2023年度広島確率論・力学系セミナー






4月のセミナー



2023年4月13日(木) 10:30~
場所:Microsoft Teamsによるオンライン形式
講演者:田中晴喜 氏(和歌山県立医科大学)
題目:グラフ構造をもつ反復関数系の漸近摂動とその応用その2
概要:有限グラフ又は可算無限グラフ構造をもつ反復関数系の摂動と力学的特性量(主に極限集合のHausdorff次元)の漸近挙動について例を中心に紹介する.具体例として,ショットキー型クライン群,複素連分数,区分的な線形拡大的写像の摂動を挙げる.また時間があれば,非共形反復関数系における次元の推定への応用とその例としてアフィン変換を取り上げる.


7月のセミナー



2023年7月28日(金) 14:30~
場所:広島大学理学部B棟7階B707室
講演者:濱名裕治 氏(筑波大学)
題目:双曲 Bessel 過程の到達時刻について
概要:実双曲空間上の Brown 運動が球面に初めて到達する時刻については, それが有限である確率が与えられている.しかし,出発点が球面の外側に ある場合は形が複雑でどのような量なのかがわからない. そこで,本講演では,通常の Bessel 過程と同様に 双曲 Brown 運動の半径方向を一般化した1次元拡散過程 (双曲 Bessel 過程とよばれる)を調べ, 到達時刻が有限である確率が簡素な形で与えられることを示す. さらに未解決であった出発点を無限大にするときの 漸近挙動についての解答を与える.


8月の研究集会



研究集会:広島確率論・力学系セミナー --Wakayama One day Workshop--
日時:2023年8月17日(木) 10:00~17:00
場所:和歌山県立医科大学 生涯研修センター 研修室
〒641-8509 和歌山市紀三井寺811-1 TEL:073‐447‐2300 https://www.wakayama-med.ac.jp/shisetsu/life/jigyou/shisetsu.html
世話人:中田寿夫(福岡教育大)、田中晴喜(和歌山県立医大、会場責任者)
10:00--11:30
講演者:中川勝國 氏(一関高専)
題目:力学系の転送作用素のコンパクト性について
概要:力学系に付随する転送作用素で、自然な位相ベクトル空間におけるスペクトルが、 コンパクト作用素のそれと類似した構造を持つ(i.e. 非零スペクトルがすべて多重度有限の離散固有値である)を考える。 この空間において転送作用素は実際にコンパクトであるか、そうでなければ、 転送作用素がその上でコンパクト作用素になり、かつそのスペクトル構造が 自然な空間の上でのそれと一致するBanach空間が構成できるかと問うのは自然な問題である。 本講演では、この問題に関する、講演者のものを含む結果を紹介する。
13:00--14:00
講演者:田中晴喜 氏(和歌山県立医大)
題目:On dimension estimates in graph iterated function systems on quasi-Banach spaces
概要:We study infinite graph-directed iterated function systems endowed with contraction mappings defined on quasi-Banach spaces.
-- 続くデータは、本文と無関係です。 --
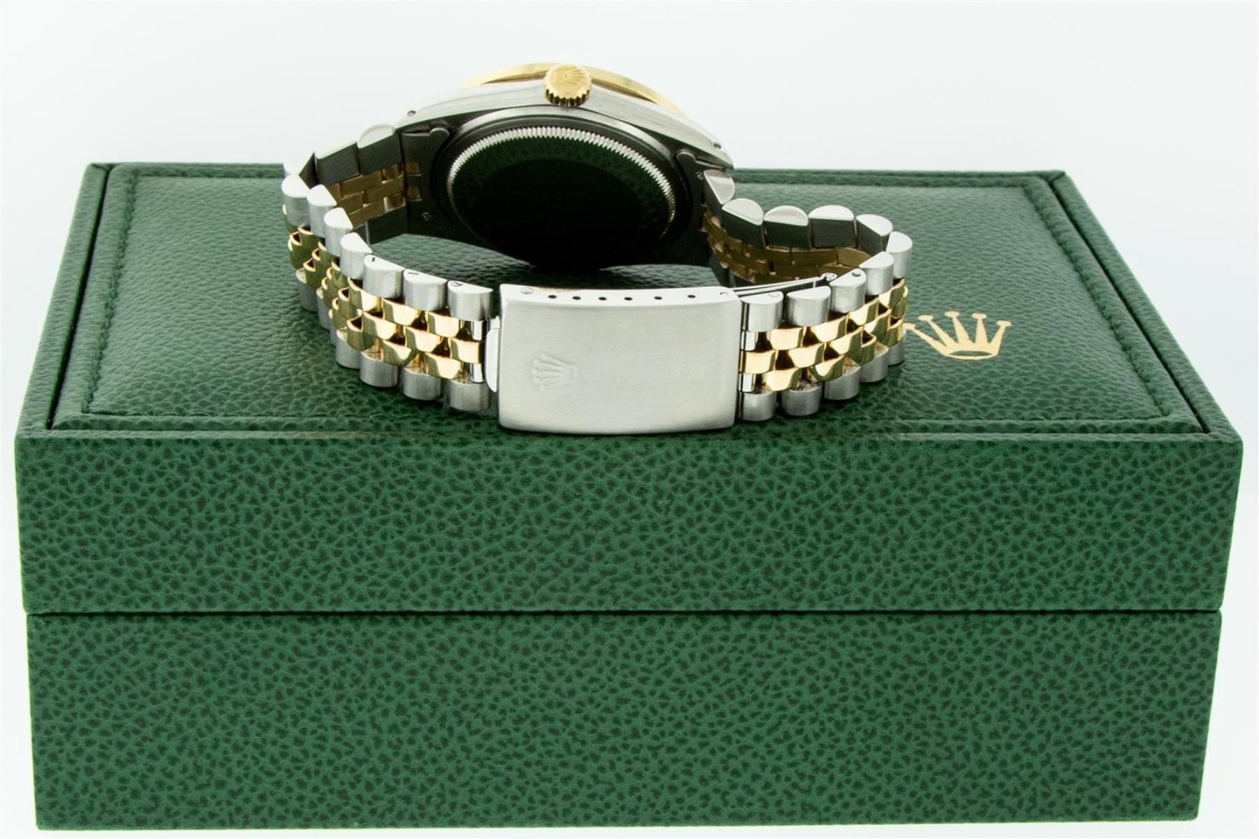 One Mens Yellow Gold Two Tone Rolex Datejust Polished, Serviced & Electronically Tested, Yellow Gold & Stainless Steel Case: 36mm, Yellow Gold Crown, Custom Bezel: 18K Yellow Gold Sapphire Channel Set Diamond Bezel, Diamond Count: 52 Diamonds + 4 Sapphires, Total Weight 1.30 Carat, Clarity: SI-VS, Color: G to H. Custom Crystal: New Synthetic Sapphire Cyclops Lens. Custom Hands: New Hands. Movement: Automatic Winding Movement. Custom Dial: Mother Of Pearl Dial With Ruby Hour Markers, Stone Count: 10 Sapphires in Dial. Date Window: 3 O'Clock Position Date Display, Quickset, Model: Condition: G-6 Extra Fine. Bracelet: Two Tone Yellow Gold & Stainless Steel Jubilee. Bright Polish. 7.0 Inch Length, Adjustable. Standard Clasp, With Rolex Logo. This Watch Has Been Serviced Time Tested And Is In Excellent Condition It Is Free Of All Scratches And Dents.
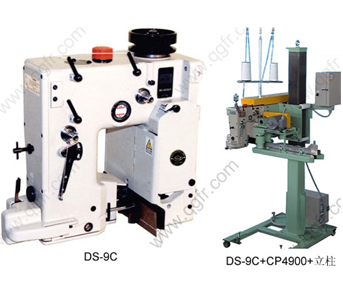 DS-9C Heavy Duty Bag Closing Machine: The fastest single needle bag closing machine (2700 rpm) for all kinds of filled bags. Well-balanced rotational parts ensure very little vibration. Ideally suited for use with height-speed bag filling lines where conveyor speed of 25m/min. All parts are protected against the effects of dust. A unique but simple enclosed oil bath lubrication system greatly extends the life of moving parts and reduces maintenance costs. Model DS-99 is equipped with pneumatic guillotine type crepe-tape cutter.
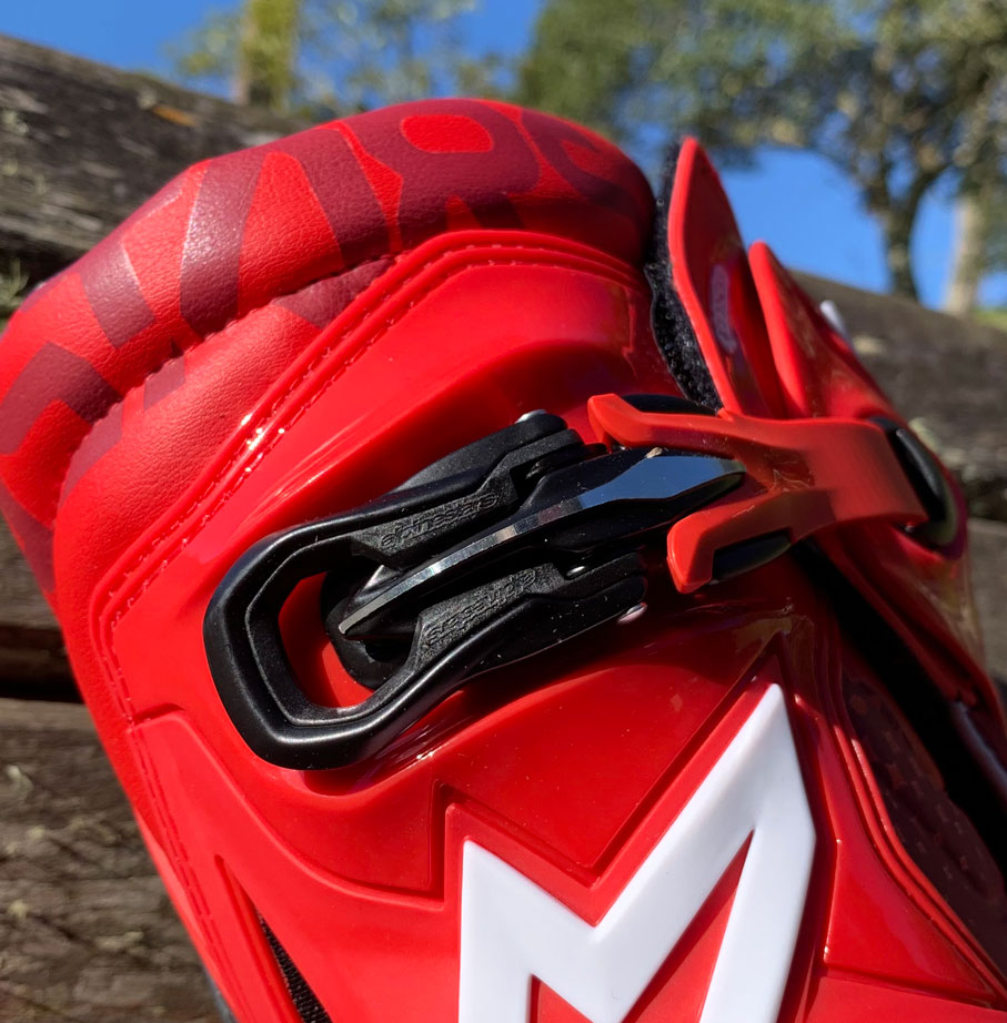 Para maior absorção dos impactos, o sistema DHCP (Dynamic Heel Compression Protector) auxilia a reduzir significativamente o efeito da energia excessiva gerada pelos impactos e ajudando a diminuir lesões. O novo sistema de fechamento, possui travas em alumínio de alta resistência à impactos e sistema de abre/fecha que se alinha automaticamente com a trava, otimizando o ajuste e a fixação, garantindo mais segurança e muito mais qualidade com a tradição Alpinestars.
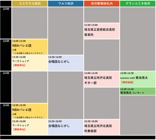 出演アーティストとして、所沢を本拠とし、昨年創立30周年を迎えた埼玉で唯一のバレエ団である「NBAバレエ団」、日本大学芸術学部出身で、YouTube登録者が70万人を突破したピアニスト 「菊池亮太」さんをはじめ、「合唱団なにがし」、「埼玉県立芸術総合高等学校音楽科」、「埼玉県立 所沢北高等学校ギター部」、「埼玉県立所沢北高等学校吹奏楽部」の皆さまに決定。さらに、NBA バレエ団はワークショップ、菊池亮太さんはセッションを通じて、一般のお客様にも参加していただくことで、共に街を音で包み込めるようなコンテンツをご用意しております。

As main results, we give the upper and lower bounds of the Hausdorff dimensions of the limit sets of these systems by using solutions of pressure functions. To show our main results, we also present the quasi-Banach space version of the covering theorem and of the Frostman lemma.
14:15--15:15
講演者:中田寿夫 氏(福岡教育大)
題目:Abdin-Mahmoud-Modarres-Wang ゲームについての大偏差と公平性
概要:Abdin, Mahmoud, Modarres, Wang (2022) は単純な賭けのゲームにおいて 賭け指数(betting index)を導入して長期的にみて儲かっているかどうか アメリカンルーレットや二分ゲーム(binary game)など具体例を挙げて調査した。 本講演では、大偏差を調べることにより収束の速さを紹介し、 上述の例について具体的な数値を示しながら説明する。 さらには、賭けの公平性に関する注意を与える。
15:30--17:00
講演者:岩田耕一郎 氏(広島大)
題目:有限と可算無限の狭間
概要:確率論の数学的取り扱いの基礎として測度論をあげるのはKolmogorov以来のお約束となっている。有限加法性から可算加法性への転換が決め手だったわけである。 今更であろうが、そもそも有限とは何か?にふれ最も小さい無限である可算無限への私的な再認識を述べる。 例えば意識して使うかはさておき我々は選択公理にしばしば出会っている。 実はルベーグ測度の存在そのものにも選択公理が絡んでいるとのことでどうやらCaratheodoryの拡張定理がそうであると強く感じている。 そんな折Caratheodoryの定理は圏論におけるKAN拡張の例であるという主張に出会ったので、できればそれにも触れる。


10月のセミナー



2023年10月3日(火) 15:00~
場所:広島大学理学部E棟2階E208講義室(いつもとは違います)
講演者:Nhat-An Pho 氏(Hanoi National University of Education)
題目:Tamed-adaptive Euler-Maruyama approximation for SDEs with superlinearly growing and discontinuous coefficients.


11月のセミナー



2023年11月30日(木) 13:00~14:30
場所:広島大学理学部B棟7階B707室
講演者:中田寿夫 氏(福岡教育大学)
題目:ランダムに生成される再帰木におけるベルヌーイ畳み込みについて
概要:ランダムに生成される再帰木のノードの深さについて報告する。Dobrow, Smythe (1996) やLyon, Mahmoud (2020)などにより親和性 (affinitiy) が一様な場合やベキで表現される場合に独立なベルヌーイ確率変数の和として表されることが知られている。本研究では、これらの結果を一般化した上で極限分布を導出するが、特に親和性が正則変動する列の場合について考察する。本研究は Hosam Mahmoud 氏(George Washington大学)との共同研究である。